Content starts

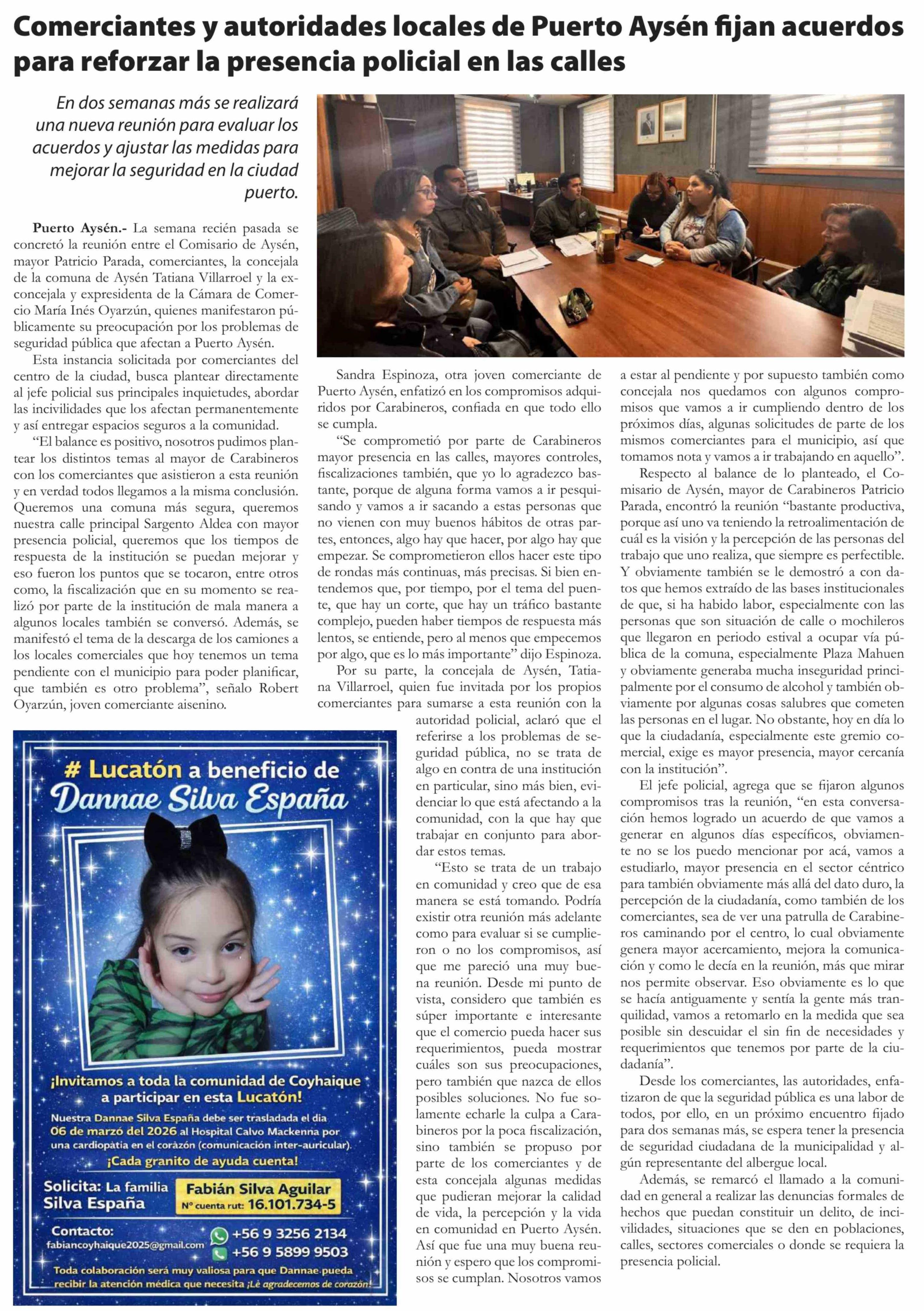 Comerciantes y autoridades locales de Puerto Aysén fijan acuerdos para reforzar la presencia policial en las calles
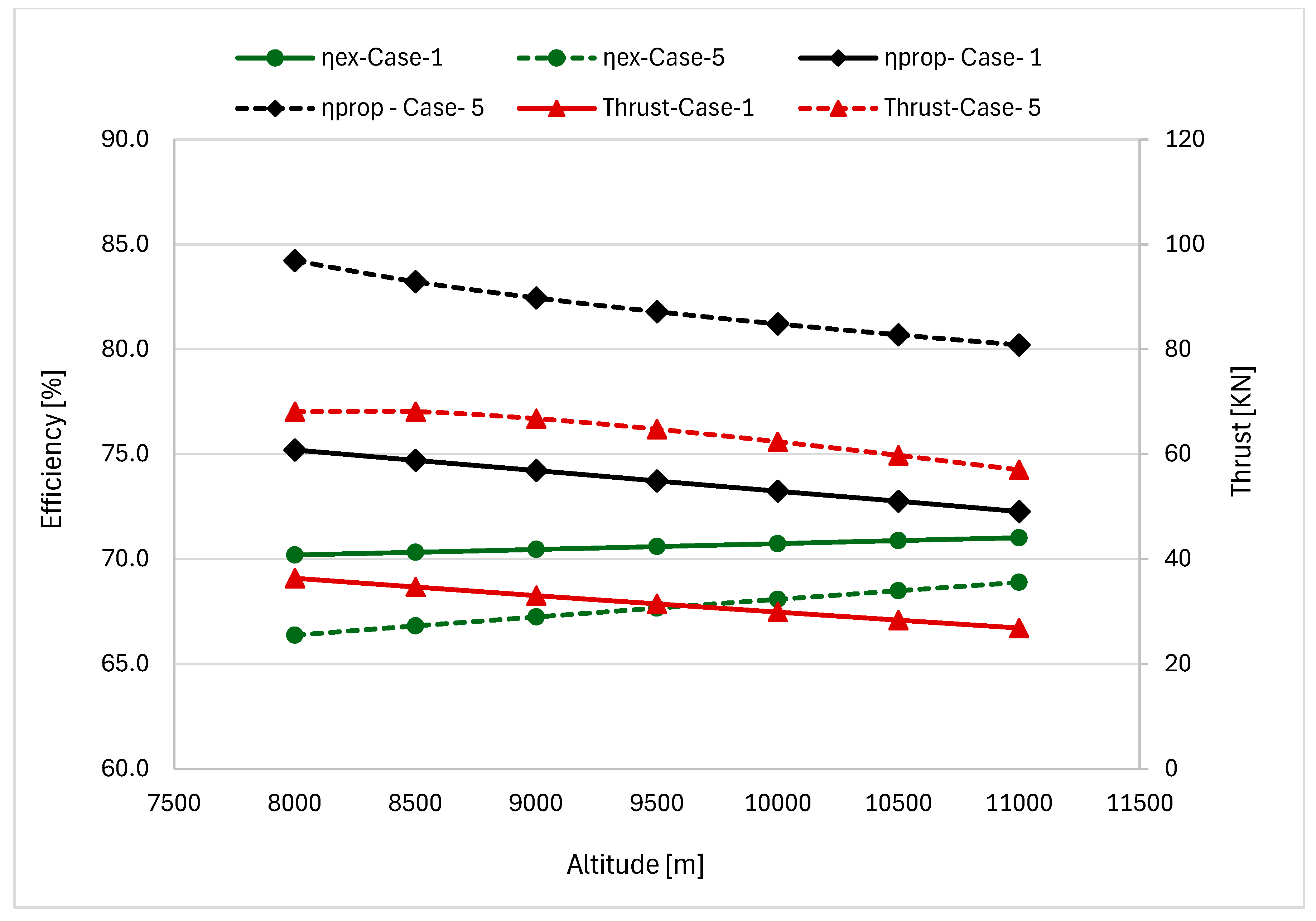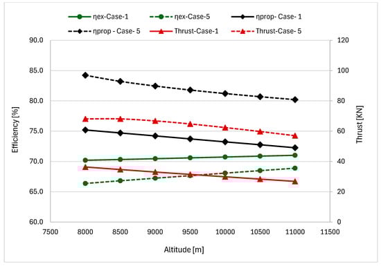 Figure 9. Exergetic efficiency, propulsive efficiency, and thrust versus altitude at cruise for Case-1 and Case-5.
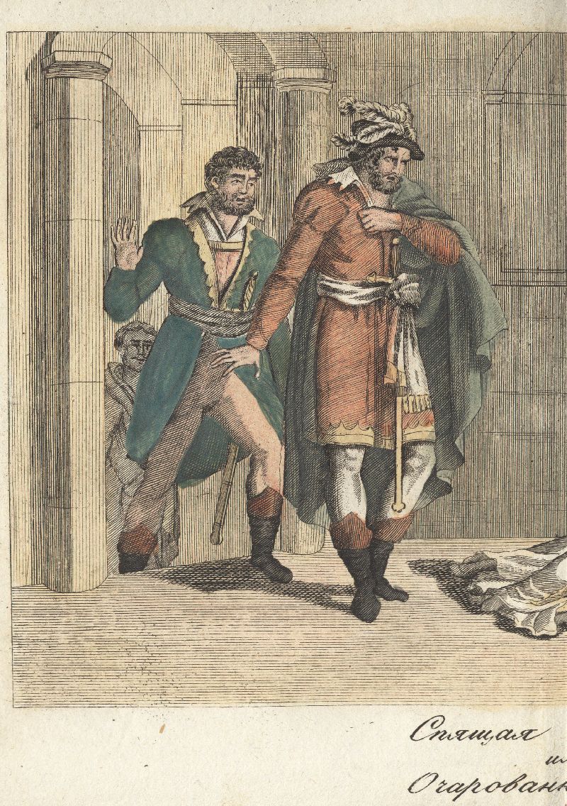 Соч. Перольта. Из которых взяты оперы и балеты, представляемые на Императорских театрах. Перевёл с французского Императорского московского театра актёр Баранов. С 11-ю картинами. Продаётся у книгопродавца В. Логинова на Никольской улице. – Москва, в Типографии Августа Семена, 1825. 10 л. илл. – гравюры на меди, раскрашенные от руки акварель
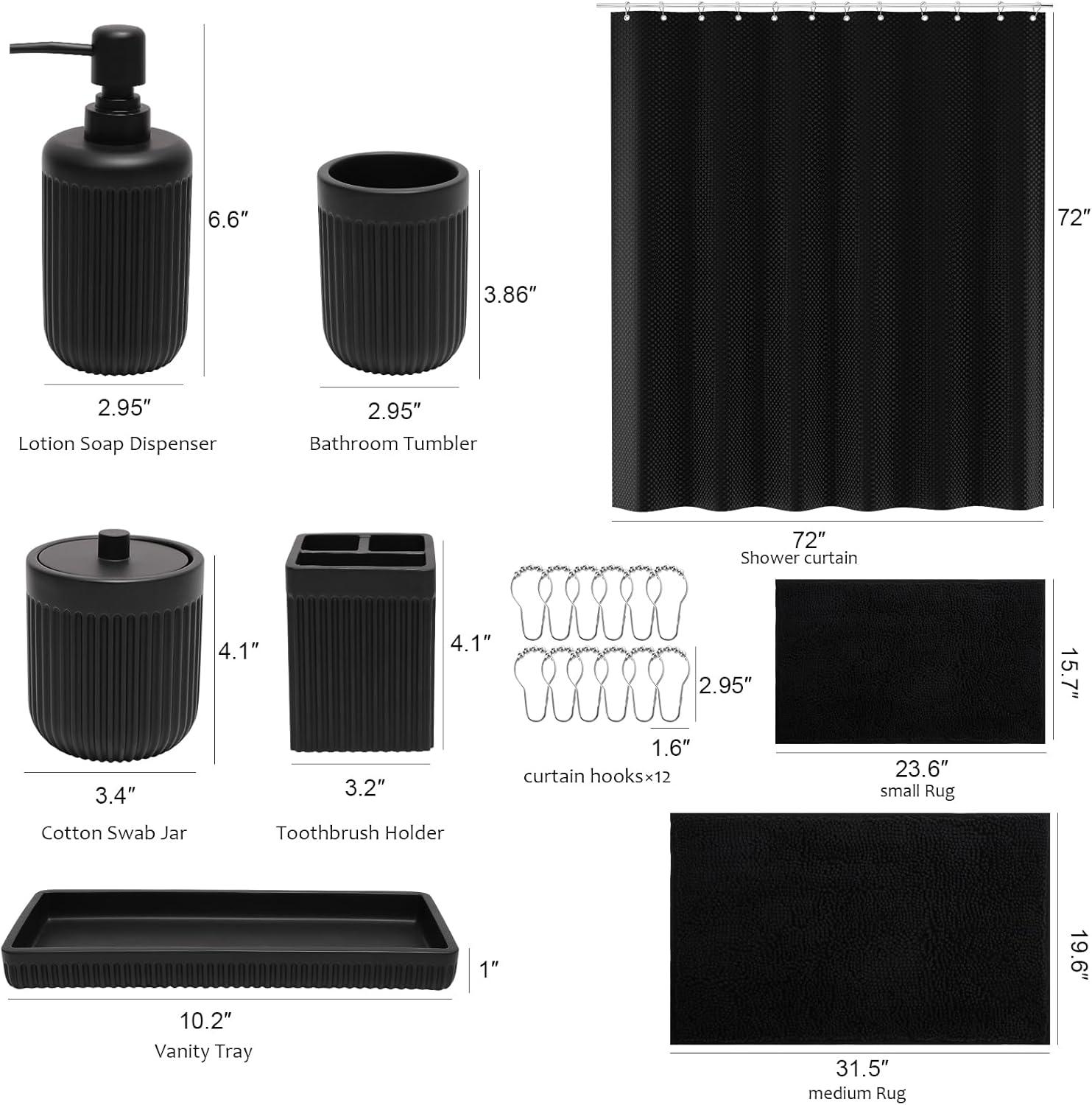 8-Piece Matte Black Bathroom Set - Luxury Resin Bathroom Accessories Sets Complete with Shower Curtain and Rugs, Soap Dispenser, Toothbrush Holder, Cup, Apothecary Jars & Tray(Black)
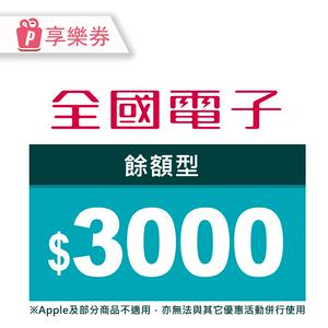 【全國電子】餘額型商品電子券3000元 享樂券
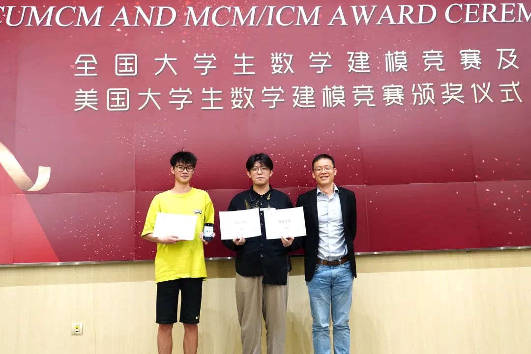 潘建新教授(右一)为美赛一等奖获奖同学颁奖
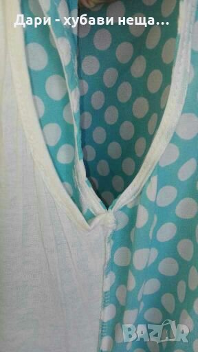 Нова, с етикет - подходяща и за подарък.Горната част е небесно синя, на бели точки.Позволява различни размери ГО, заради деколтето - тип „прегърни ме”, както и вградения потник, който е силно еластичен.Роклята е с ниска талия и колан, който се нанизва на две гайки.
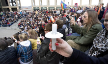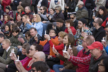 During the rally held at the Salt Lake City Library amphitheater, some 400 participants held candles while "We are Family" by Sister Sledge played over the P.A. system. Russell Baker-Gorringe, a longtime activist and speaker, said many people in the LGBT community don't come forward because they're afraid to come out of the closet.
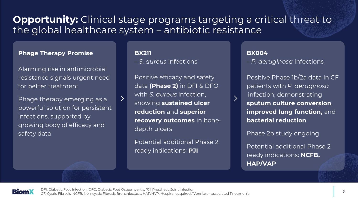 机会:针对全球医疗保健系统的严重威胁的临床阶段项目–抗生素耐药性3噬菌体疗法承诺令人震惊的抗菌药物耐药性上升表明迫切需要更好的治疗,噬菌体疗法正在成为持续感染的有力解决方案,越来越多的疗效和安全性数据支持BX211 –金黄色葡萄球菌感染P阳性疗效和安全性数据(2期)在DFI和DFO伴金黄色葡萄球菌感染中,在骨深部溃疡中显示出持续的溃疡减少和卓越的恢复结果潜在的额外2期准备适应症:PJI BX004 –铜绿假单胞菌感染在CF铜绿假单胞菌感染患者中的阳性1b/2a期数据,证明痰培养转化、肺功能改善和细菌减少2b期研究正在进行潜在的a附加2期准备适应症:NCFB、HAP/VAP DFI:糖尿病足感染;DFO:糖尿病足骨髓炎;PJI:假体关节感染CF:囊性纤维化;NCFB:非囊性纤维化支气管扩张;HAP丨/HVP:医院-获得性/呼吸机-相关性肺炎
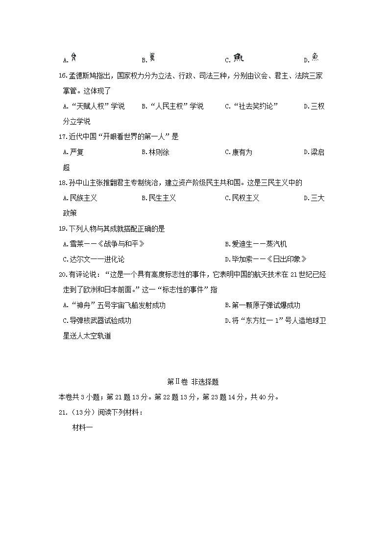 【文档预览】 无忧考网整理发布2012年辽宁普通高中会考历史真题及答案(Word版),前五页预览如下:
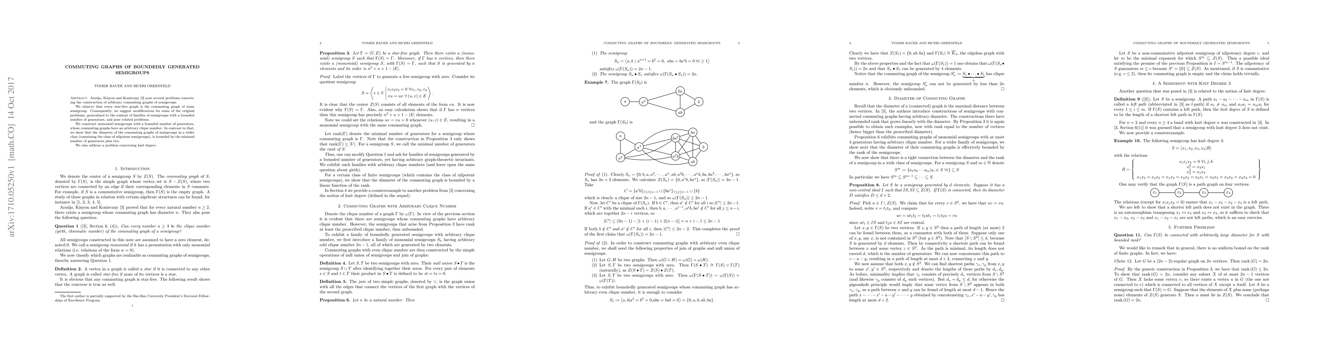 Ara\'ujo, Kinyon and Konieczny (2011) pose several problems concerning the construction of arbitrary commuting graphs of semigroups. We observe that every star-free graph is the commuting graph of some semigroup. Consequently, we suggest modifications for some of the original problems, generalized to the context of families of semigroups with a bounded number of generators, and pose related problems. We construct monomial semigroups with a bounded number of generators, whose commuting graphs have an arbitrary clique number. In contrast to that, we show that the diameter of the commuting graphs of semigroups in a wider class (containing the class of nilpotent semigroups), is bounded by the minimal number of generators plus two. We also address a problem concerning knit degree.
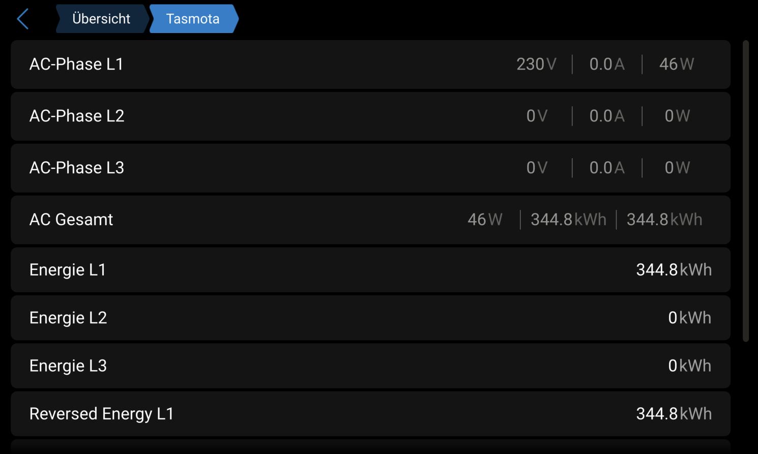 L2 und L3 sind rausgeflogen, Spannung und Strom werden korrekt ausgelesen. Phasenwinkel und Frequenz geht wohl anscheinend nicht so einfach höchstens in einer extra Kachel im GUI. Nachher mehr dazu....

Content ends

Exercise instructions:
Among the entries above, locate the line with "8-Piece Matte Black" and the line with "During the rally". Give those two lines and all lines between them again, exactly, leaving out the pictures.

Problem solution:
 8-Piece Matte Black Bathroom Set - Luxury Resin Bathroom Accessories Sets Complete with Shower Curtain and Rugs, Soap Dispenser, Toothbrush Holder, Cup, Apothecary Jars & Tray(Black)
 【全國電子】餘額型商品電子券3000元 享樂券
 潘建新教授(右一)为美赛一等奖获奖同学颁奖
 Нова, с етикет - подходяща и за подарък.Горната част е небесно синя, на бели точки.Позволява различни размери ГО, заради деколтето - тип „прегърни ме”, както и вградения потник, който е силно еластичен.Роклята е с ниска талия и колан, който се нанизва на две гайки.
 During the rally held at the Salt Lake City Library amphitheater, some 400 participants held candles while "We are Family" by Sister Sledge played over the P.A. system. Russell Baker-Gorringe, a longtime activist and speaker, said many people in the LGBT community don't come forward because they're afraid to come out of the closet.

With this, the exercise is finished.